Dans certains cas au moins, c’est le contraire de l’exploitation, si l’on peut dire, qui a enclenché le contact culturel désintégrateur. La distribution forcée de parcelles de terre aux Indiens d’Amérique du Nord, en 1887, a bénéficié à chacun d’eux individuellement, selon notre manière de calculer. Mais cette mesure a quasiment détruit l’existence physique de la race — le cas le plus frappant de déchéance culturelle qu’on connaisse. Le génie moral d’un John Collier a rétabli la situation presque un demi-siècle plus tard, quand il a insisté sur la nécessité d’un retour aux territoires tribaux  : de nos jours les Indiens d’Amérique du Nord forment à nouveau, au moins en certains endroits, une communauté vivante — et ce n’est pas l’amélioration économique, mais la restauration sociale qui a produit ce miracle.
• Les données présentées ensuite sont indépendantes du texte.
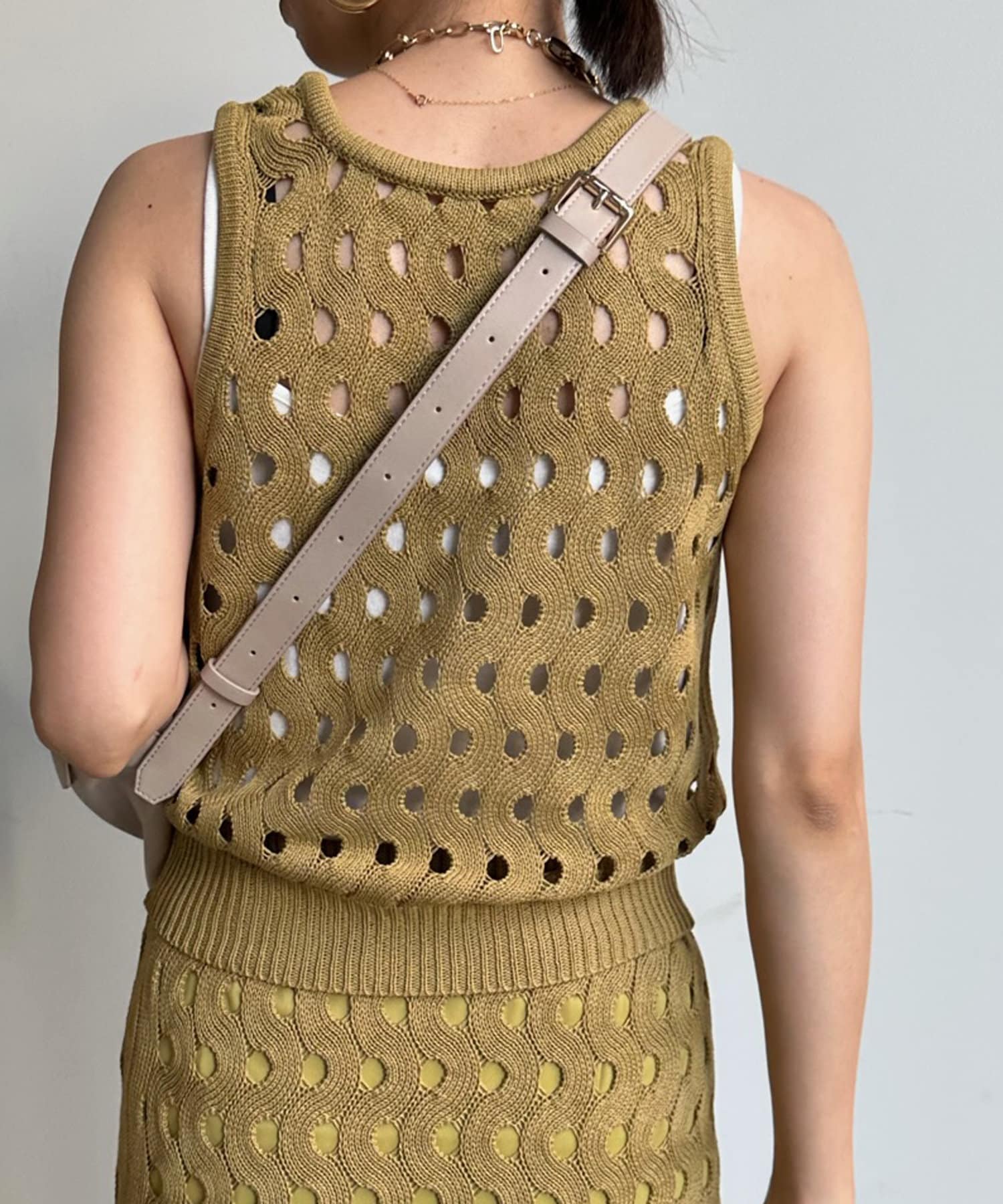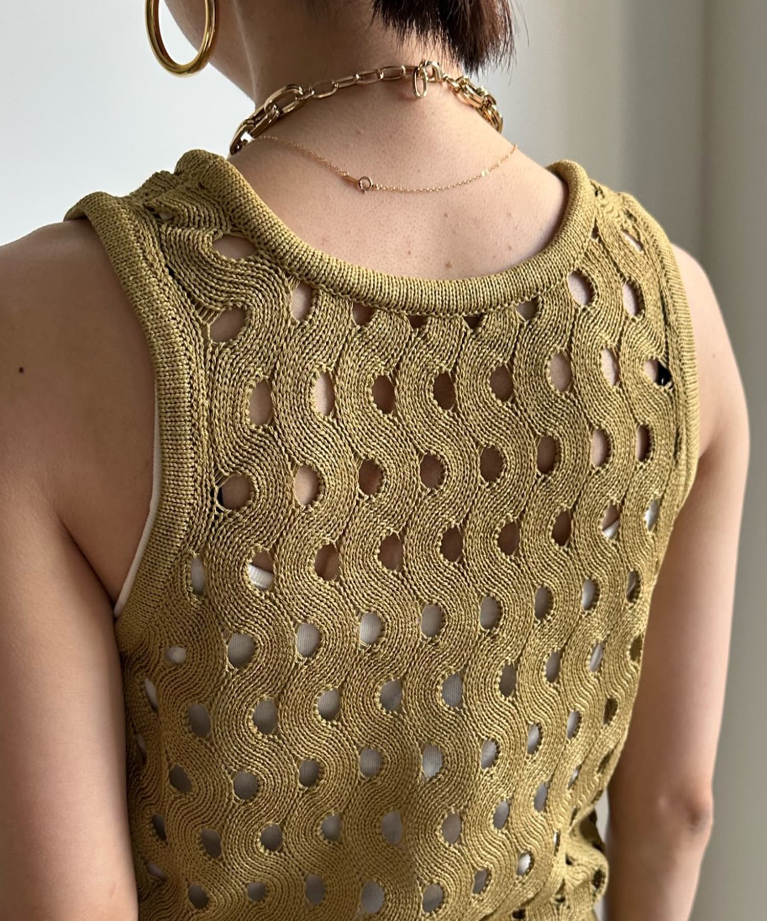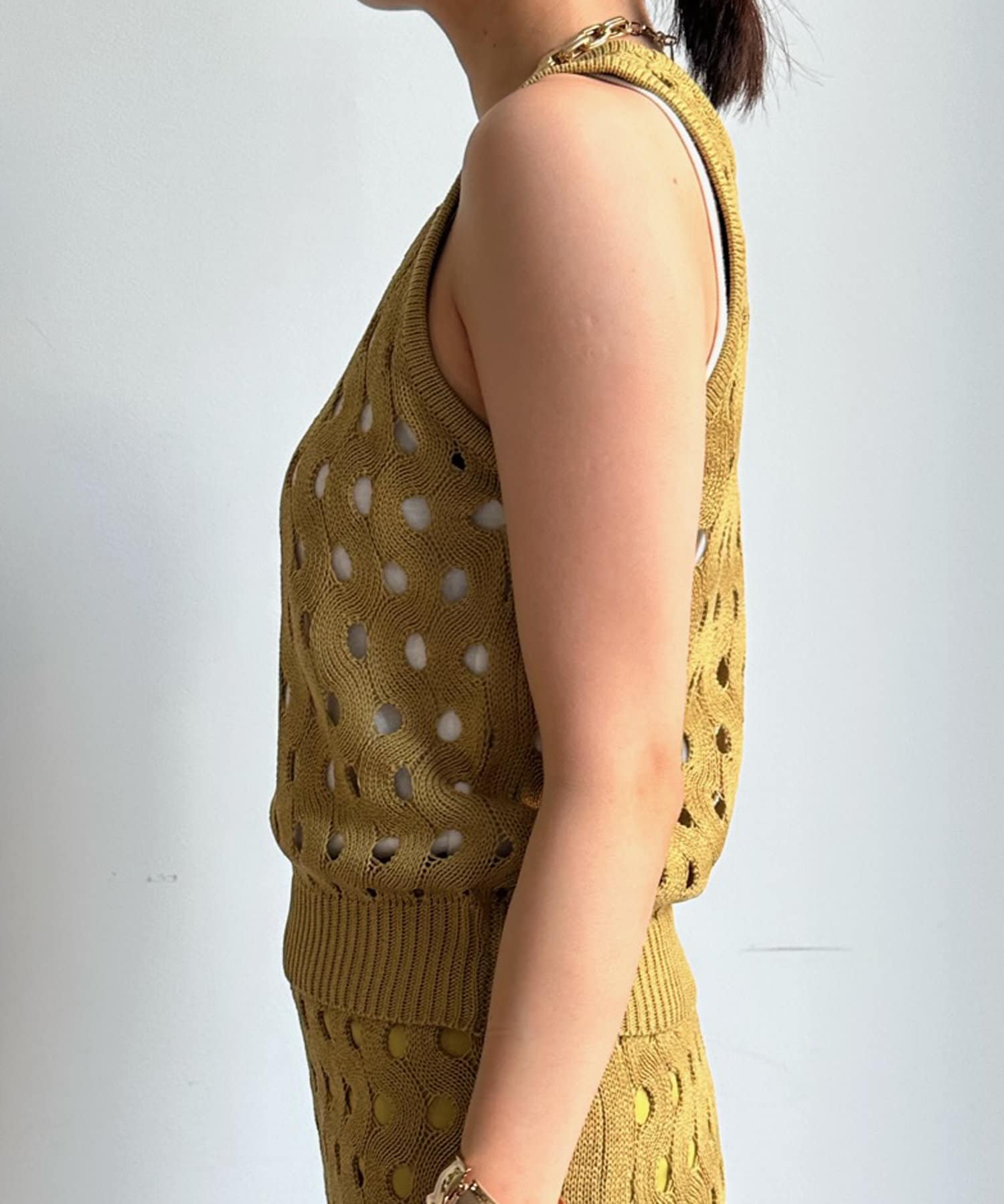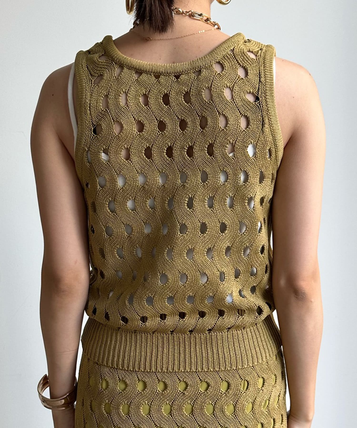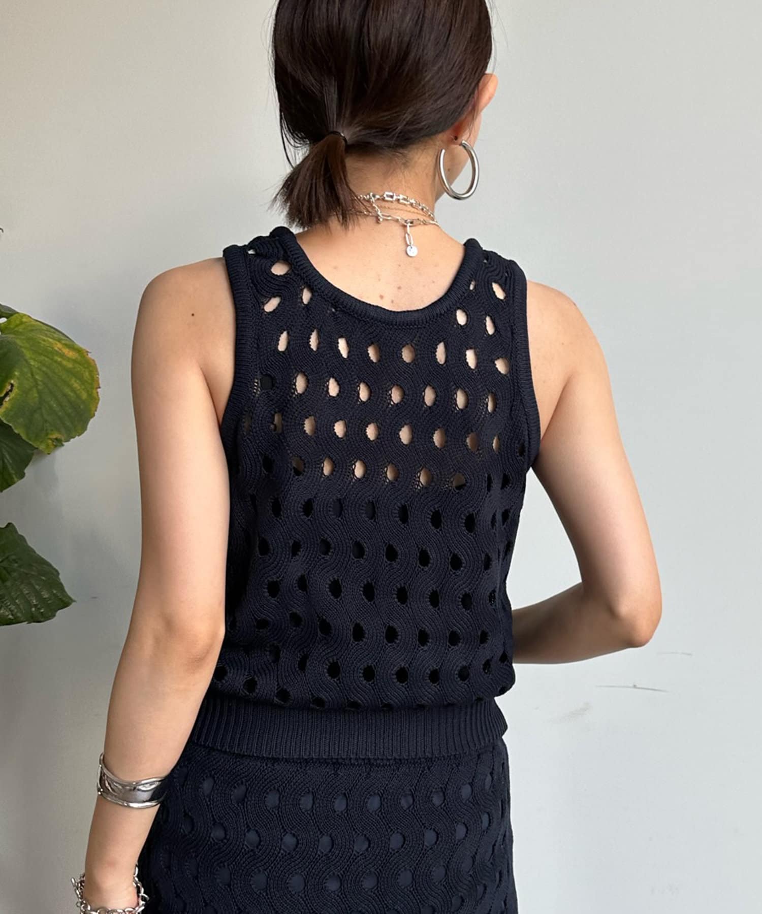 トレンド感のあるやや短丈のニットタンクは、ハイウエストのボトムスとも相性◎

Le choc d’un contact culturel dévastateur a été enregistré par la naissance pathétique de la fameuse version de la Danse de l’Esprit (Ghost Danse), dans le jeu de main des Pawnee, vers 1890, exactement à l’époque où l’amélioration des conditions économiques rendait anachronique la culture /217/ aborigène de ces Indiens Peaux-Rouges. En outre, les recherches ethnologiques démontrent également que même le fait qu’une population augmente (ce qui est le second indice économique) n’exclut pas nécessairement qu’il se produise une catastrophe culturelle. En réalité, le taux de croissance naturel d’une popu­lation peut être un indice, soit de vitalité culturelle, soit de dégradation culturelle. Le sens originel du mot « prolétaire », qui rattache fécondité et mendicité, exprime cette ambivalence de manière frappante.

Le préjugé économiste a été à la source à la fois de la grossière théorie de l’exploitation des débuts du capitalisme et de la conception fausse, non moins grossière, mais plus savante, qui a par la suite nié l’existence d’une catastrophe sociale. Cette interprétation plus récente de l’histoire a entraîné de manière significative la réhabilitation de l’économie du laissez-faire. En effet, si l’économie libérale n’a causé nul désastre, alors le protectionnisme, qui a privé le monde des bienfaits des marchés libres, a été un crime gratuit. On s’est mis à regarder de travers le terme même de « Révolution industrielle », parce qu’il donne une idée exagérée de ce qui était, pour l’essentiel, un lent processus de changement. Tout ce qui s’est passé, disent avec insistance ces spécialistes, c’est qu’en se déployant progressivement, les forces du progrès technique ont transformé la vie du peuple ; sans doute, bien des gens ont souffert de cette transformation, mais, globale­ment, l’histoire a été celle d’une amélioration continue. Cet heureux résultat est dû au fonctionnement presque inconscient de forces économiques qui ont exécuté leur travail bénéfique en dépit des interventions de partis impatients qui exagéraient les difficultés inévitables de l’époque. Pareille conclusion reve­nait tout simplement à nier qu’un danger eût menacé la société, et qu’il eût résulté de l’innovation économique. Si l’histoire révisée de la Révolution industrielle était conforme aux faits, le mouvement protectionniste aurait manqué de toute justification objective et le laissez-faire aurait été justifié. L’illusion matérialiste concernant la nature de la catastrophe sociale et culturelle a ainsi étayé la légende selon laquelle les maux de l’époque ont été causés par nos manquements au libéralisme économique.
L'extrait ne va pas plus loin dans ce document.